Records to use:

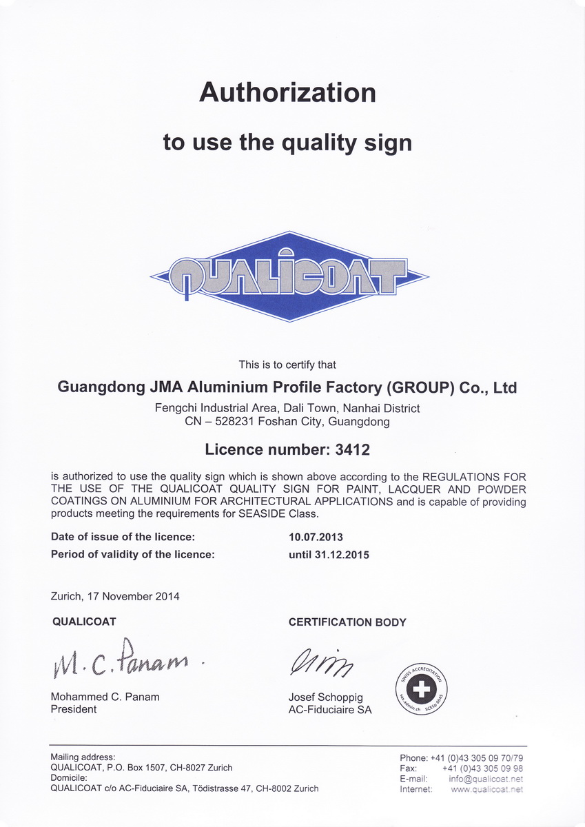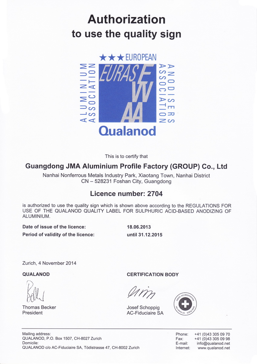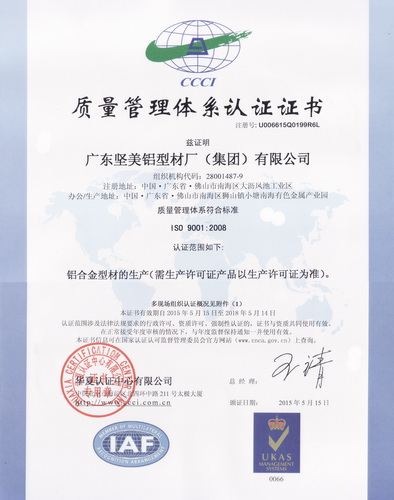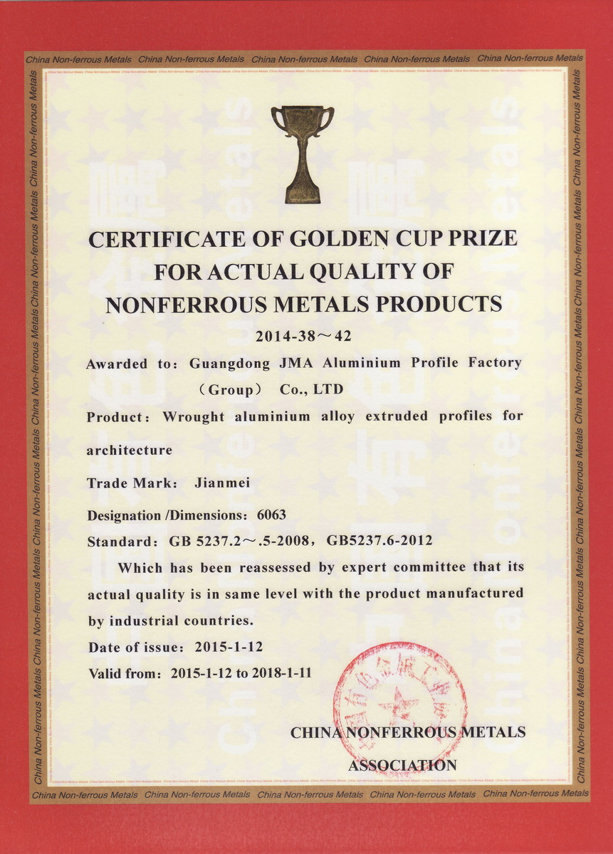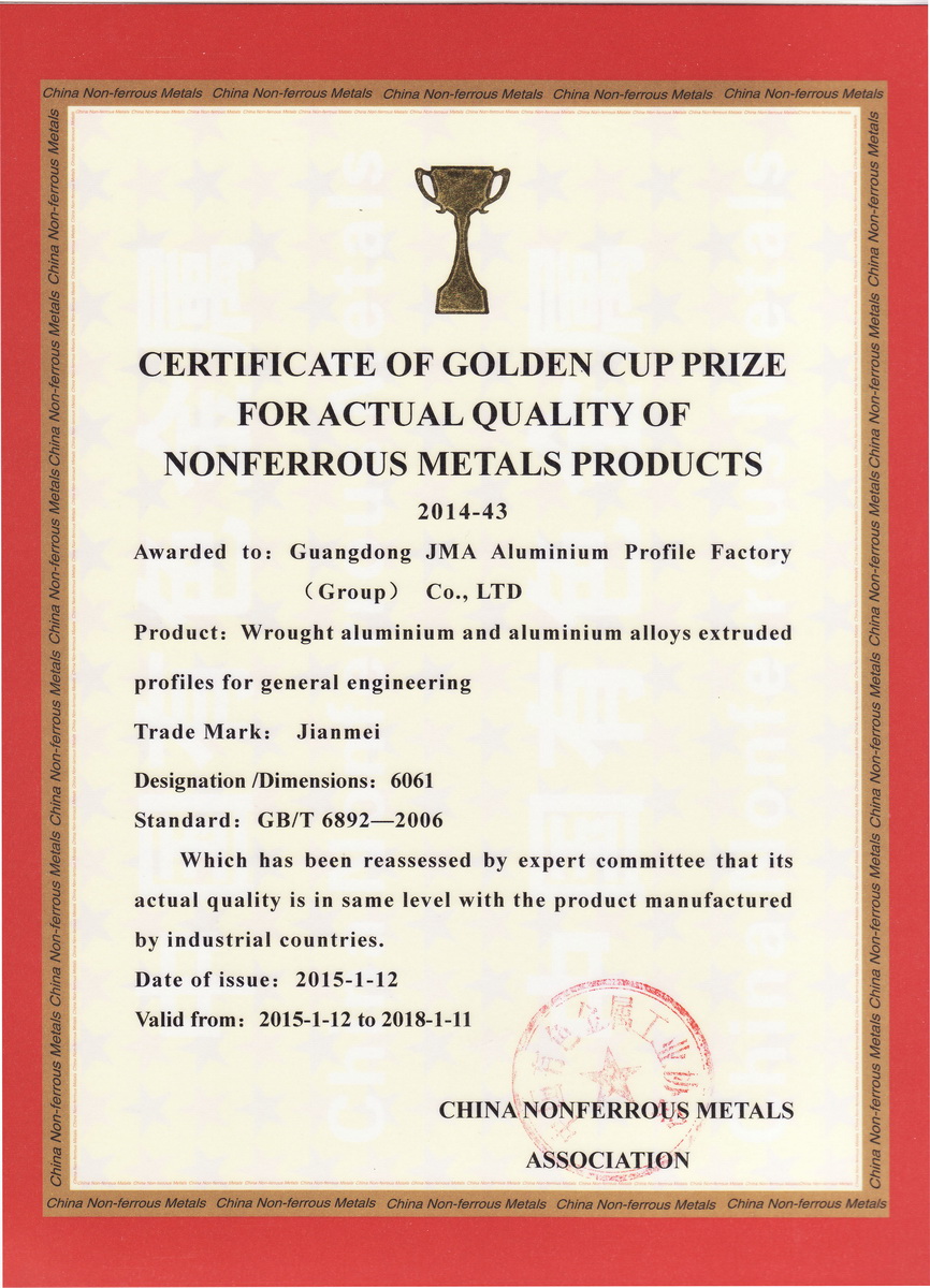 2015年1月 有色金屬產品實物質量金杯獎證書2011-43:一般工業鋁及鋁合金擠壓型材:廣東堅美 (中國有色金屬工業協會)英文版
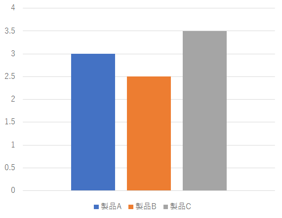 電池の耐久時間をテストした結果は、製品Aでは3時間、製品Bでは2.5時間、製品Cでは3.5時間でした。
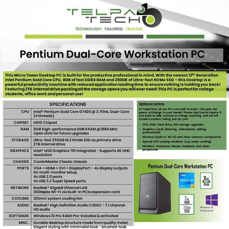 12th Generation Intel Pentium Gold Home & Office High-Performance Desktop PC 8GB DDR4 RAM, 250GB S
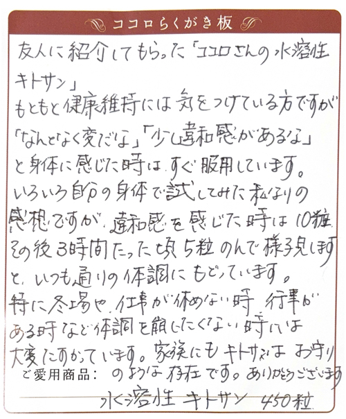 ココロのキトサン健康食品をお飲みになった全国の皆さんからのお便りです。
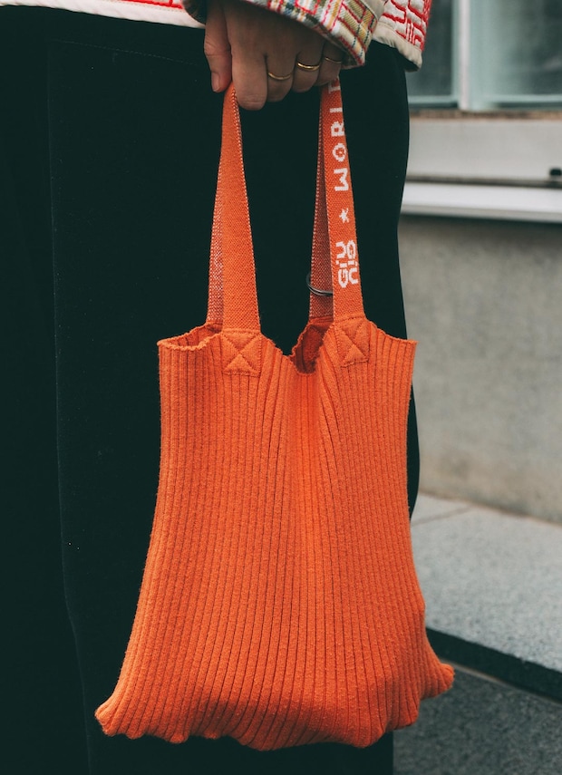 鮮やかオレンジのバッグでビタミンチャージ! 持ち手のロゴが、ポップなアクセント役に抜擢♪
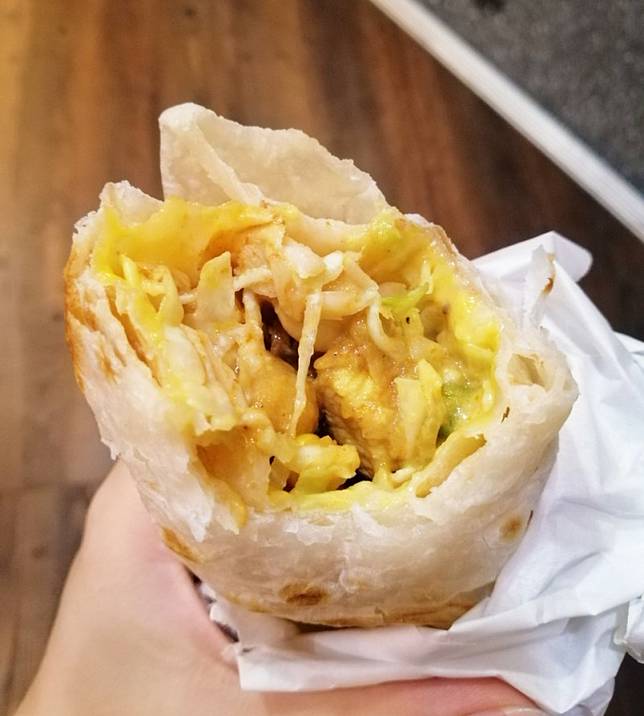 【印度阿三甩餅】提供的口味有甜有鹹,甜的熱銷品項是巧克力、煉乳、蜂蜜;鹹的招牌就屬「雞肉咖哩起司」。咖哩裏頭有高麗菜絲、紅蘿蔔、青豆、馬鈴薯,濕潤的醬料酸甜酸甜,不會有過重的香料味;現擀的餅皮嚼在口裡,帶有麵粉的清

Problem details: Pictures excluded, repeat the records exactly from their opening line through the line containing "鮮やかオレンジのバッグでビタ".

Written response:
 2015年1月 有色金屬產品實物質量金杯獎證書2011-43:一般工業鋁及鋁合金擠壓型材:廣東堅美 (中國有色金屬工業協會)英文版
 電池の耐久時間をテストした結果は、製品Aでは3時間、製品Bでは2.5時間、製品Cでは3.5時間でした。
 12th Generation Intel Pentium Gold Home & Office High-Performance Desktop PC 8GB DDR4 RAM, 250GB S
 ココロのキトサン健康食品をお飲みになった全国の皆さんからのお便りです。
 鮮やかオレンジのバッグでビタミンチャージ! 持ち手のロゴが、ポップなアクセント役に抜擢♪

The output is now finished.